Does she think women in media are targeted for more abuse than men? “I haven’t had some of the stuff I’ve seen other female presenters have online,” she says. “It’s awful. And you know how you know it’s really gendered? Because if you make some sort of commentary around anything to do with the gender issue… feminism or the pay gap, they all come out from under the stones... It’s extraordinary.”

What makes for a good political discussion on The Late Debate or Saturday with Katie Hannon? “I need people to be animated with each other and passionate about what they’ve come in to talk about, to the degree that they can’t believe the other person has the audacity to say the thing they’re saying. But people who go, ‘I’m just going to keep talking because that suits my agenda,’ that’s terrible radio. And there are some terrible culprits. I know them.”

Can you name them?
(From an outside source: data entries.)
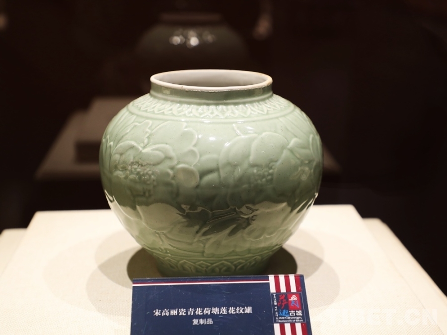 圖為宋高麗瓷青花荷塘花紋罐(復制品) 攝影:王茜
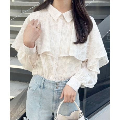 上品な印象のケープ風のデザインが目を引くブラウス。
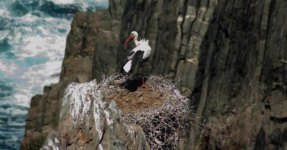 Keywords: portugal stork nest cliff bird
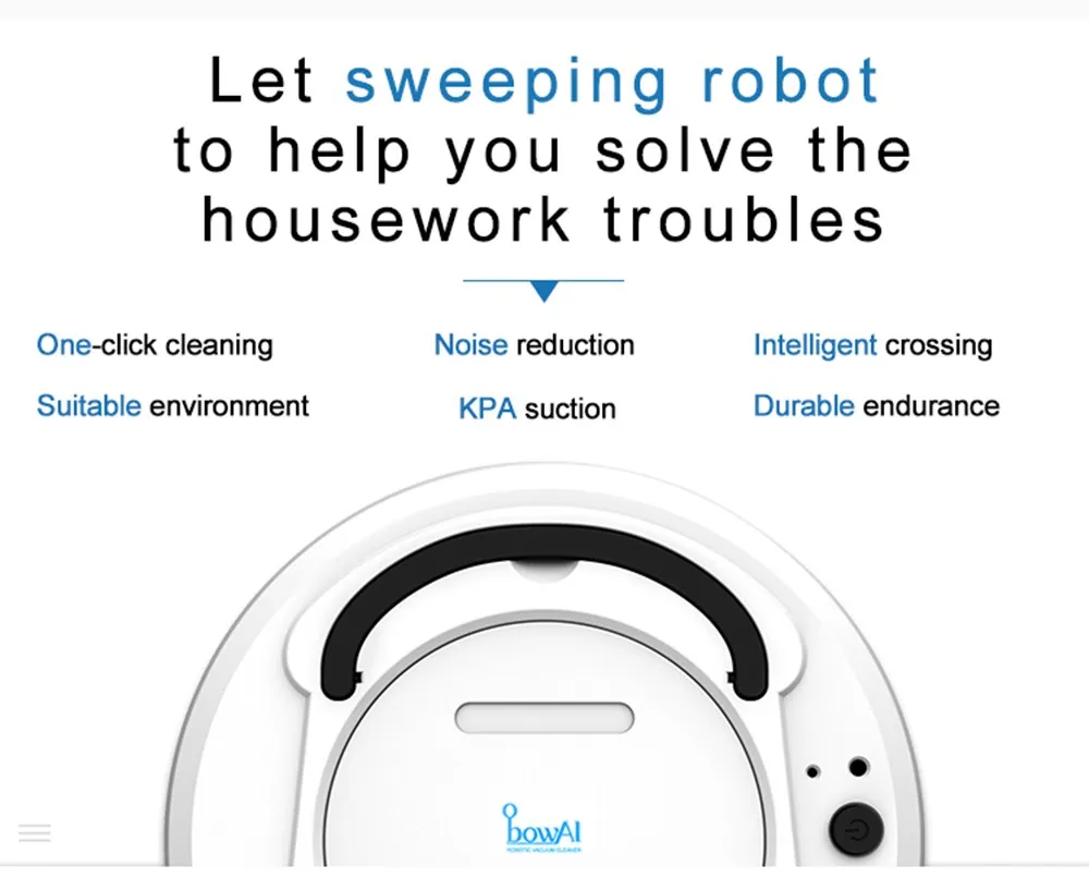Особенности:1. Тщательная очистка: 1800 ПА интенсивного всасывания. Легко впитывает пыль, волосы, семена, крошки хлеба, семена и другие мусор в повседневной жизни, очень большой мусорный бак должен быть Опорожнен только изредка.2. Запуск одной кнопкой, подметание, уборка, пылесос три в одном, маленький размер, гибкий, чтобы иметь дело с мертвыми углами, такими как диван-кровать.3. Несколько режимов очистки, которые относительно очистят ваш пол с помощью умной навигации по пути. Ультра-тонкий 68 мм дизайн может достигать тех труднодоступных мест, под диван или кровать, решает проблемы нежелательных волокон и волос.4. Быстрая Чистка, без случайных ударов. Встроенные датчики обеспечивают Предотвращение падений, предотвращение столкновений, предотвращение ловушек,5. Система обнаружения местности OBS. С функцией лазания 10 мм, высота скалолазания 15 градусов, интеллектуальная индукция избегания падения.6,40 децибел, низкий уровень шума, интимный, не тревожный, это принесет вам чудесную жизнь весело.7. Зарядка завершена в течение 100 минут, очистка около 150 ㎡. Идеально подходит для плоского пола, как мрамор, плитка, деревянный пол и т. Д.Характеристики:Материал: АБС-пластикБатарея: 3,7 V 1200mAhВремя работы: около 70 минутВремя зарядки: около 2-3 часовПлощадь уборки: 150 ㎡Рабочее напряжение: 3,7 VНоминальная мощность: 3 ВтПылезащитная коробка: около 150 млРабочий шум: <40 дБВсасывание: 1200PAСрок службы: >2 годаВес нетто: 580 г/20,46 унцийЦвет: черный, серый, белыйРазмер (Д * В): 258x6 8 мм/10,16x2,68"Функции: запуск одной кнопкой, подметание, уборка, пылесос, зарядка через USB, универсальное вождение, автоматическое Предотвращение препятствий, защита от падения, низкий уровень шума, сильное всасывание, низкое повторение, высокий охватРуководство по эксплуатации:1. Режим переключения: нажмите на хост-переключатель, уборочная машина входит в рабочий режим и загорается Рабочая лампа. Нажмите главный выключатель снова, чтобы выключить уборочную машину.2. Режим зарядки: Подключите зарядную головку usb-кабеля к зарядному порту уборочной машины и подключите usb-головку к конвертеру для зарядки.3. Состояние зарядки: светильник индикатора зарядки включен, что указывает на то, что зарядка находится в процессе, и выключение означает, что зарядка завершена. Общее время зарядки составляет около 2-3 часов.Внимание:1. Пожалуйста, допускайте небольшие отклонения в размере из-за измерения человеком.2. Грязь может быть выдуто из впускного отверстия, поэтому, пожалуйста, опустите коробку от пыли после каждого использования.3. Удалите аккумулятор, когда не используете пылесос.Посылка включает в себя:Робот-пылесос-1 шт.1 x зарядный кабель1 х ткань1 x КистьРуководство по эксплуатации-1 шт.

She laughs. “I cannot.”

How does she manage to control a panel filled with people like that talking over each other? “I do sometimes hear myself sounding like I’m shouting at my children [on the show]. To be honest, it’s actually much easier to do it when they’re on the panel in studio. One of the issues we had in lockdown was we’d have somebody in the Athlone studio, somebody at the end of the line and somebody in a studio down the corridor, because we weren’t allowed to fill up our studio. Because, actually, you control a lot with dirty looks, stern looks, hand gestures. You’re literally managing things like this.”

She mimes some panel conducting — holding her finger aloft, frowning, pointing. “But when you don’t have people in front of you, they feel entitled to talk over you. So it becomes quite difficult.”

What does she do with her time off? “Time off?” she laughs. “I have 11-year-old twins.”

It was a ridiculous question, in fairness. Right now, Hannon has two full-time presenting gigs and one occasional one. She’s also working on a two-part television documentary which tells untold stories pieced together from the National Archives. “I love that part of a project, that first few days where you just find out everything that’s been done... If I had another alternative career, I think I’d be a historian or archivist.”

This said, she seems very happy with the job she has. “I just love talking to people,” she says. “Honestly, put me at a bus stop and I’ll start talking to the person beside me. I’m curious about people. I like listening to people. And people genuinely are quite interesting.”